Directions for this task
Directions for the data below: repeat exactly the lines from the one with "畜禽运输车又被叫做运猪车、拉" through the one with "Twee contra-roterende borstels", both included, and omit all pictures.

Records provided
======
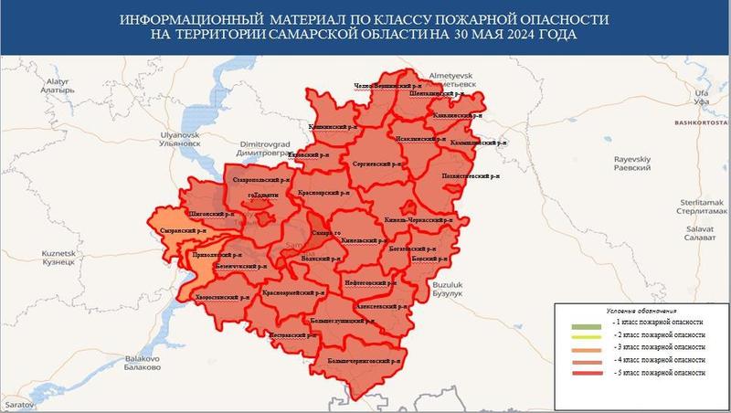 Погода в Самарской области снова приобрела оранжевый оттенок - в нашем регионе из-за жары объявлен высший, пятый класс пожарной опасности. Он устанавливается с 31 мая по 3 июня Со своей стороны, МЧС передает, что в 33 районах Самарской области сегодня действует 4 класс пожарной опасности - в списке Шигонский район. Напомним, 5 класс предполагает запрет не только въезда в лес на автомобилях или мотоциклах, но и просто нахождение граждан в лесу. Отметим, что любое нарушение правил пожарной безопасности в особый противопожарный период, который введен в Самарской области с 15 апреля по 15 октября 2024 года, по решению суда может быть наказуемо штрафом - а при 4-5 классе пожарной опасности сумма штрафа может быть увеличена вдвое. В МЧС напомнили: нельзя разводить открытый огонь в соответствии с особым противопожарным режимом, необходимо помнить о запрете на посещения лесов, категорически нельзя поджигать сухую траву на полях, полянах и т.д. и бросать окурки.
======
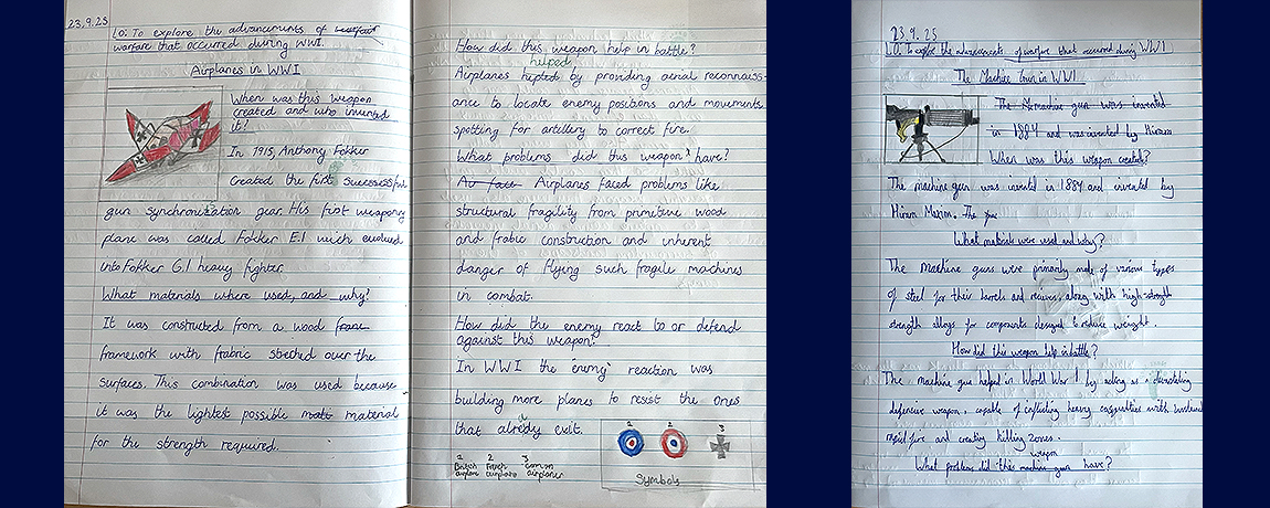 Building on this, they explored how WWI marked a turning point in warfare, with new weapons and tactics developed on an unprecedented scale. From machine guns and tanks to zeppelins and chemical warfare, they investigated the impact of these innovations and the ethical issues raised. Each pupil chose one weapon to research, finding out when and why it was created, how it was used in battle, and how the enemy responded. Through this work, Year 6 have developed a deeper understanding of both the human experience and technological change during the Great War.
======
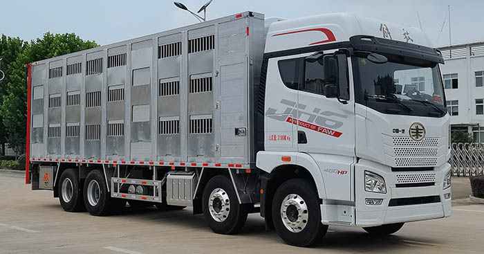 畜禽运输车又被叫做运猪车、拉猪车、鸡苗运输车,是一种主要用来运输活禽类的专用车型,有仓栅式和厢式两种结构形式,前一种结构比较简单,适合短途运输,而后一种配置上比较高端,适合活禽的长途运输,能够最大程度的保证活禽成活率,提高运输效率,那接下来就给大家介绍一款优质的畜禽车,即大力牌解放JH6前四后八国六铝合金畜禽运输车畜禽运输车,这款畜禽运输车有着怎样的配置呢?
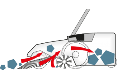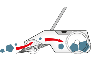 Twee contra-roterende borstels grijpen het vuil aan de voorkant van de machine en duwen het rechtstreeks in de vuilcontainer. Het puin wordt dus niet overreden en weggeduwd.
======
Written response
 畜禽运输车又被叫做运猪车、拉猪车、鸡苗运输车,是一种主要用来运输活禽类的专用车型,有仓栅式和厢式两种结构形式,前一种结构比较简单,适合短途运输,而后一种配置上比较高端,适合活禽的长途运输,能够最大程度的保证活禽成活率,提高运输效率,那接下来就给大家介绍一款优质的畜禽车,即大力牌解放JH6前四后八国六铝合金畜禽运输车畜禽运输车,这款畜禽运输车有着怎样的配置呢?
 Twee contra-roterende borstels grijpen het vuil aan de voorkant van de machine en duwen het rechtstreeks in de vuilcontainer. Het puin wordt dus niet overreden en weggeduwd.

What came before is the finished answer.